The Big 5 Personality Traits

Tell me about yourself?
The ice-breaking, yet important question asked by every interviewer. You could answer by stating your name, where you’re from, your job status, your hobby, etc.
 
There are billions of people in the world with a billion different answers to this question. Each one can tell a different story about themselves and who they are. We may have a lot in common with our fellow humans like sexual orientation, eye colour, race, religion, skills, etc. but there is one thing that makes us unique and that’s our personality.
 
You may meet hundreds and thousands of people in the world and still not find any two humans who are exactly the same. Personality refers to an individual’s difference in characteristics patterns of thinking, feeling and behaving. It’s what makes you “you”.
 
In the world of psychology, personality has a more complex meaning to it. But however, you describe personality it’s clear that it has a big impact on our lives. Today, many researchers believe that there are five core personality traits. These five traits are sometimes called the “Big 5”.
 
The “Big 5” are broad categories of personality traits. Each five personality factors represents a range between two extremes. In the real world, most people lie between the two polar ends of each dimension.

  1. Openness– This trait features characteristics such as imagination and insight. It has been described as the complication of an individual’s mental life and experiences. Openness concerns an individual’s willingness to try new things, be vulnerable, and the ability to think outside the box.
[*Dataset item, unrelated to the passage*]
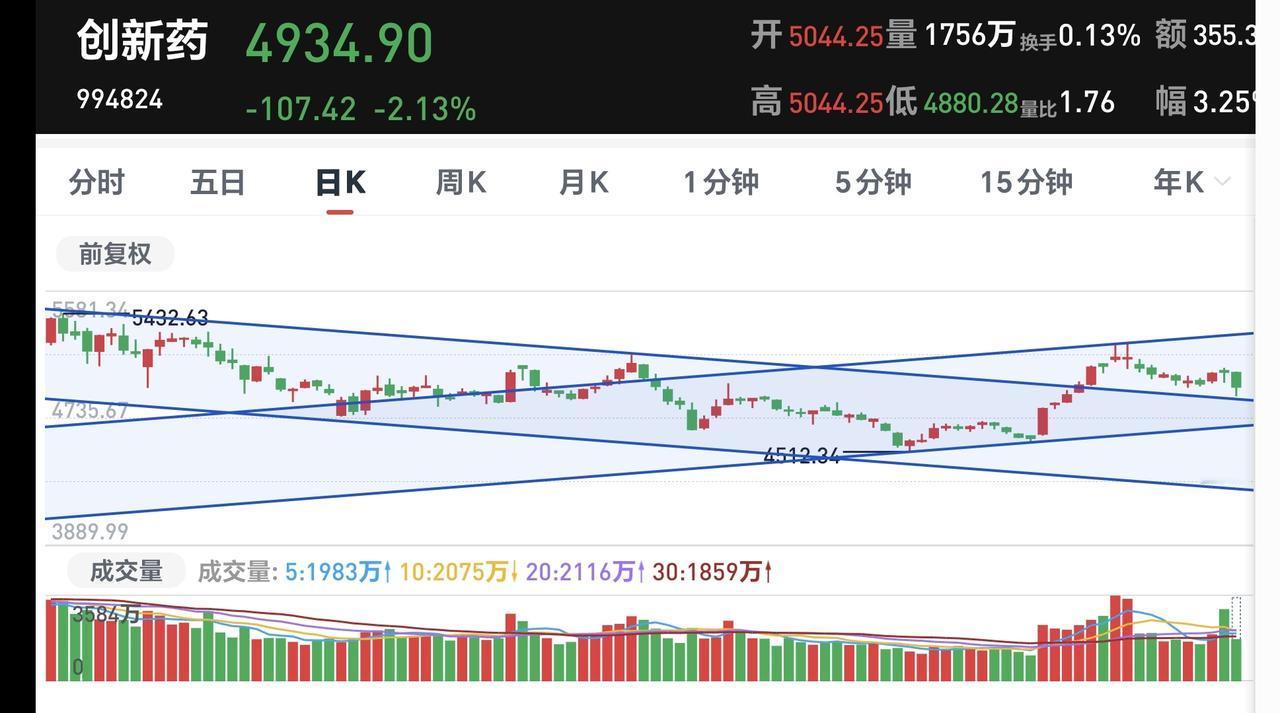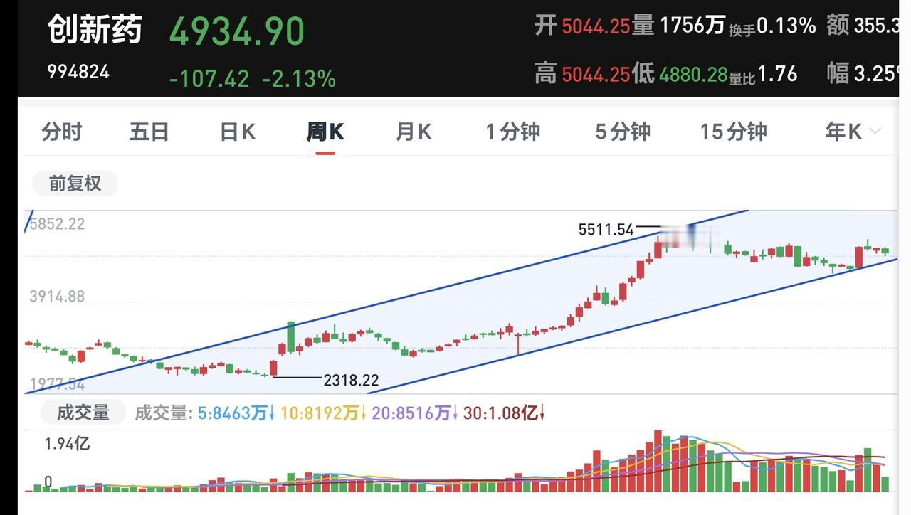 基金:创新药板块应该怎么办 持有的创新药板块基金富国,中午收盘的时候估值下跌了1.23%,持有收益率也只剩下了13%多一点,创新药板块估值下跌了0.37%,是连续第二个交易日下跌,这个板块的持有人数在所有板块当中排名第9位,里面的散户也不少。 这个板块今天加仓排行榜见下面的截图5,持有人数排行榜见下面的截图6,排名第一的都是永赢医药创新智选混合。 看下面的截图7,这是创新药板块日K线图,前段时间上涨突破了下跌通道的上轨,最近是突破以后的冲高回落,我今天又画了两条倾斜向上的斜线,这是创新药板块日线级别短期上涨通道,如果后期跌破这个短期上涨通道的下轨线,就确定前段时间的突破是假突破。 看下面的截图8,这是创新药板块周K线图,今天对这个上涨通道的下轨线进行了位置调整,我认为今天这个画法会更好一些,在不跌破这个上涨通道下轨线的前提下,越靠近上涨通道下轨线的地方,越可以考虑要不要进场,如果跌破这个周线级别上涨通道的下轨线,不可以轻易进场。 我每天都会有观点,观点会不断的更新,因为市场的走势是不断变化,我根据市场的最新走势来做出判断,这并不是观点善变,是随着市场走势的变化而变化,是一种跟随性变化。 大家帮忙评论,点赞,转发和分享,谢谢大家的支持。

  2. Conscientiousness -This is the tendency to control impulses and act in socially acceptable ways by showcasing self-discipline, act dutifully. People who have this personality trait excel in their ability to delay events of satisfaction, work within the rules, plan and organise effectively.
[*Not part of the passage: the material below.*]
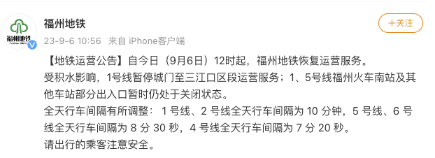 福州地鐵9月6日12時起恢復(fù)運營服務(wù)

  3. Extroversion– This describes positive emotions, energy, assertiveness, sociability, talkativeness and the tendency to seek stimulation in the company of others. This factor has two extreme ends: extroversion and introversion. In general, extroverts draw energy from interacting with others whereas introverts get tired while interacting with others and replenish their energy from solitude.
  4. Agreeableness – This personality dimension includes attributes such as trust, altruism, kindness, affection and pro-social behaviours. This factor concerns how well people get along with others. People high in agreeableness tend to be well liked by everyone, respected and sensitive are to others needs. They barely have few enemies, are sympathetic, and affectionate to not only their loved ones but also strangers.
  5. Neuroticism – This is one of the Big Five factors in which a high score indicates more negative traits. This trait describes vulnerability to unpleasant emotions like anger, anxiety and depression. Neuroticism is not a factor of incompetence but being confident and comfortable in one’s own skin.

Based on this research, many psychologists now believe that the five personality dimensions are not only universal; they also have biological origins.